Number Sense is your sense of what numbers mean. What value does a number represent? Which number is bigger or smaller? Making comparisons is also part of this sense. Gersten and Chard say number sense “refers to a child’s fluidity and flexibility with numbers, the sense of what numbers mean and an ability to perform mental mathematics and to look at the world and make comparisons.

Students that struggle with math typically don’t have a good sense of number sense. This is one of the foundational concepts that holds them back from becoming fluid in math. You might think of number sense concepts in terms of the importance phonemic awareness plays in reading. Number sense plays that same role in math.

In the past, teachers have concentrated on math facts and how to do calculations. Now, after years of research, they have found that the reason students struggle with learning math is because they don’t have the underlying foundation of what numbers actually mean: number sense. Common core is addressing this. Most new textbooks are addressing this. However, if you don’t have that basic foundational skill, the new way of teaching math will still be difficult. We need to spend more time on mastering number sense.

An Example of Number Sense

I have a student in Australia that needed to add 6 plus 5. He couldn’t start at the number 6 and say 6 and then count up 5 more. He needed to count 1, 2,3, 4, 5, 6, and then 7, 8, 9, 10, 11. He does not have a strong sense of ‘number sense.’

Watch the First Number Sense Lesson

Number Sense, multiplication facts

Number sense incorporates counting, proportional thinking, as well as whole and parts.


Counting involves counting by ones, twos, fives, tens, and more. Counting is the ability to put names to quantities.
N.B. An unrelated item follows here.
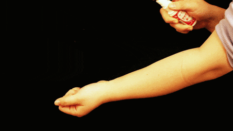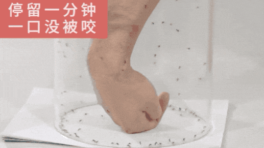 在手臂上喷一喷,整条胳膊裸露着伸进蚊箱里,1分钟后拿出来,竟然一口没被咬!

It is understanding how our number system is organized in groups of 10 – base 10. Most students that struggle with math lack counting skills. Number sequence, skip-counting, and patterns (odd and even) are difficult for them.

Counting Activities

Counting involves counting by ones, twos, fives, tens, and more. Most students that struggle with math lack counting skills. Number sequence, skip-counting, and patterns (odd and even) are difficult for them.

Count up to 20 and down from 20.

Count by 10’s to 100. Count-down from 100 by 10’s.

Start at 22 and count up by 10’s to 102.

Start at 86 and count down by 10’s.


Proportions in math deals with which is more and which is less. Comparing quantities and proportions to each other such as a slice of pizza from a small pizza, medium size pizza, and a large pizza. Proportional thinking is thinking about how many times bigger or times smaller a number is compared to another number (e.g. How many times bigger is 6 than 3? How many times smaller is 3 than 6? How many times bigger is your mom’s arm than your arm?

Proportional Activities

  1. Measure how tall you are with a string. Cut the string and use it to discover what else is as big as you in the classroom or at home.
  2. Categorize items that are bigger than they are and smaller than they are.
  3. Look for items that are twice your size.
  4. Look for items that are half your size.

Another example:

  • If you have 8 pieces of pizza to divide between 4 friends, how many pieces of pizza should each friend get?
  • Six workers can build a house in 3 days. Assuming that all of the workers work at the same rate, how many workers
    would it take to build a house in 1 day?

Wholes and Parts

This is understanding parts of a number. In other words, number families. For example, understanding that 8 is made up of  7 and 1, 6 and 2, 5 and 3, as well as 4 and 4. Another example is 7 plus 3 = 10. The parts are 7 and 3; the whole is 10. “The whole is equal to the sum of its parts.” (Euclid). Fractions are examples of wholes and parts. 1/4 + 3/4 = 4/4 = 1 whole.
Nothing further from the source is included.